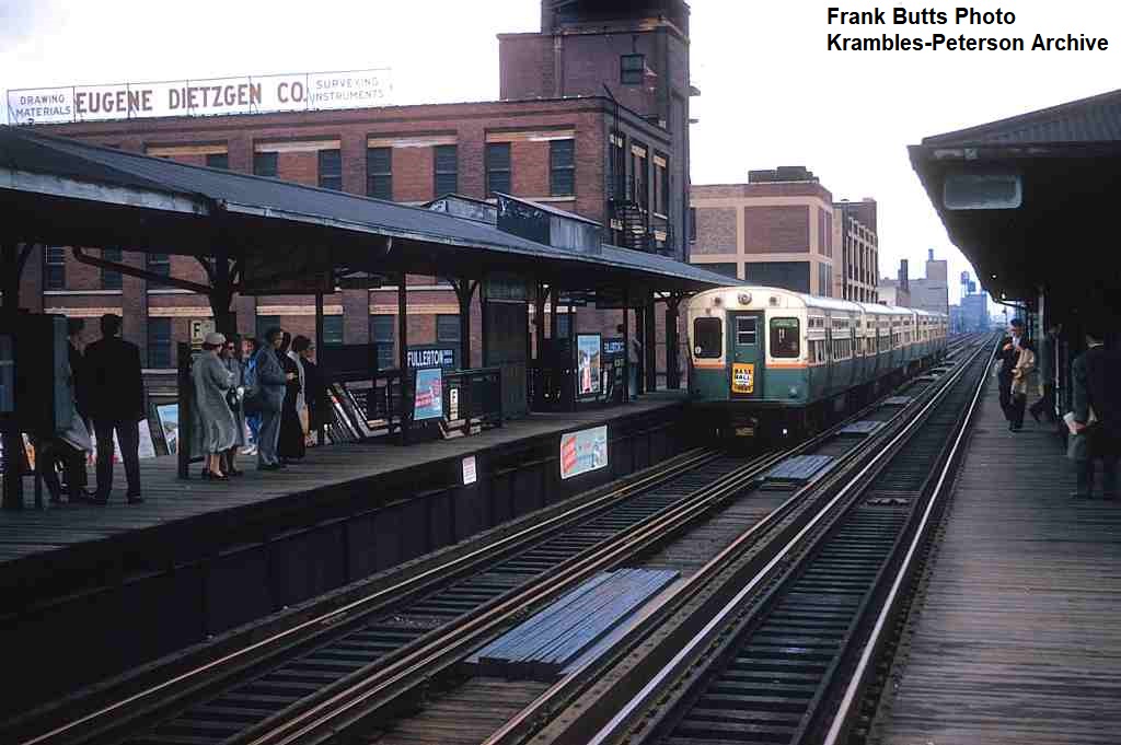 KP1276-CTA North Side Mainline, Southbound train arriving at Fullerton Station - c05/1961
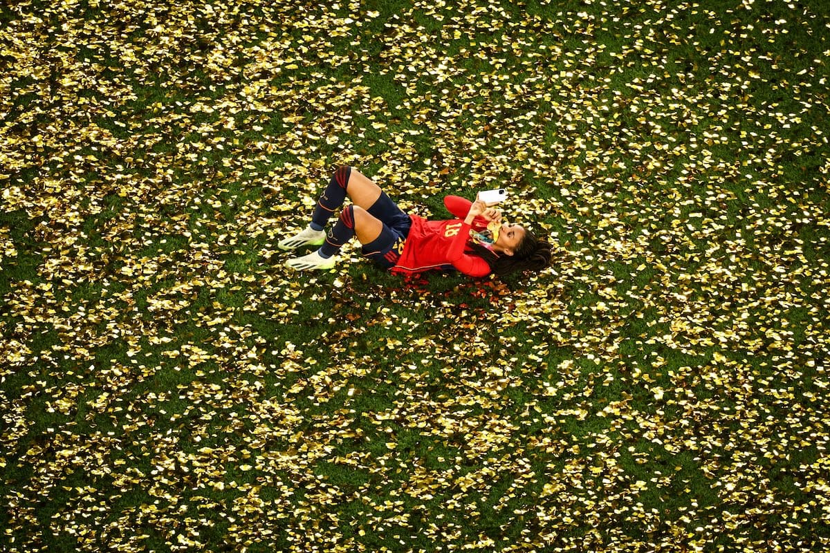 David Gray, AFP, ‘Moments In Sport’, Golden Kiss: Spain’s Salma Paralluelo kisses her medal as she lies on her back amongst confetti talking on her phone, after Spain defeated England 1-0 in the final of the 2023 FIFA Women’s World Cup at Sydney’s Stadium Australia.
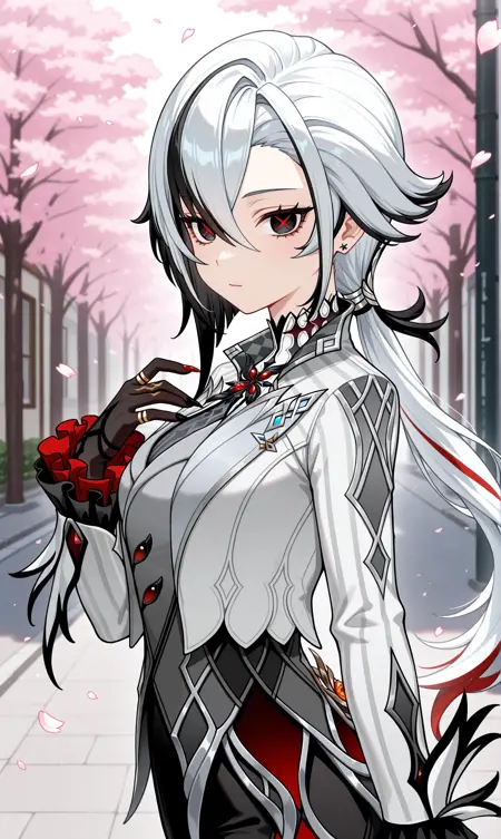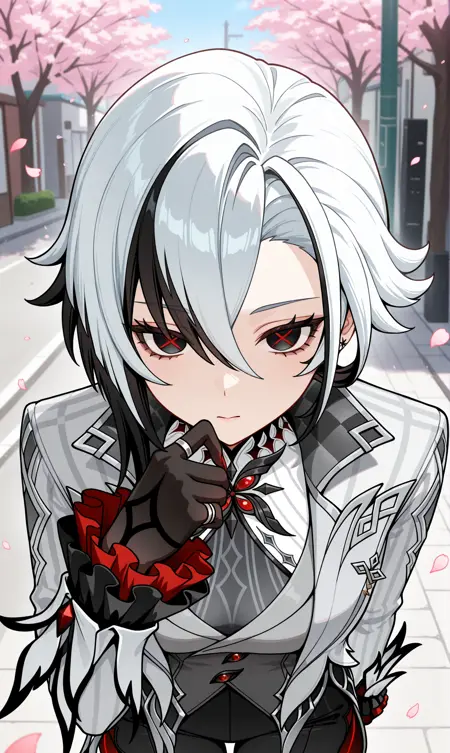 arlecchino (genshin impact), 多色の髪, 黒髪, 前髪, 白髪, 低めのポニーテール, 記号型の瞳, チャンネル入りの髪, 目の間に髪, X字型の瞳, 短い髪, 黒目, 赤い瞳, 二色の髪
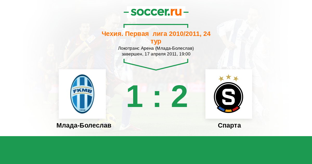 Чехия. Кубок 28.03.2012 Спарта Логотип футбольный клуб Спарта (Прага) 1:0 Логотип футбольный клуб Млада-Болеслав Млада-Болеслав
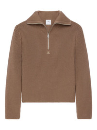 half-zip ribbed-knit sweater Highlights - Brown - Half-zip fastening - Funnel neck - Long sleeves - Ribbed texture Imported Composition Merino 100% Washing instructions Read Manufacturer Guidelines
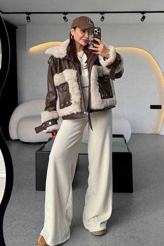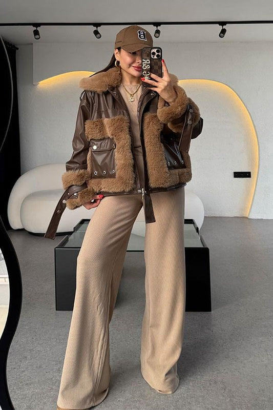 3 AL 2 ÖDEJanus Kahve Kürklü Deri Ceket

---*---

- [WHAT THE EXERCISE ASKS]:
Verbatim copy, pictures excluded: output the lines from the first line of the records above through the line containing "Чехия. Кубок 28.03.2012".

- [REPLY]:
 KP1276-CTA North Side Mainline, Southbound train arriving at Fullerton Station - c05/1961
 David Gray, AFP, ‘Moments In Sport’, Golden Kiss: Spain’s Salma Paralluelo kisses her medal as she lies on her back amongst confetti talking on her phone, after Spain defeated England 1-0 in the final of the 2023 FIFA Women’s World Cup at Sydney’s Stadium Australia.
 arlecchino (genshin impact), 多色の髪, 黒髪, 前髪, 白髪, 低めのポニーテール, 記号型の瞳, チャンネル入りの髪, 目の間に髪, X字型の瞳, 短い髪, 黒目, 赤い瞳, 二色の髪
 Чехия. Кубок 28.03.2012 Спарта Логотип футбольный клуб Спарта (Прага) 1:0 Логотип футбольный клуб Млада-Болеслав Млада-Болеслав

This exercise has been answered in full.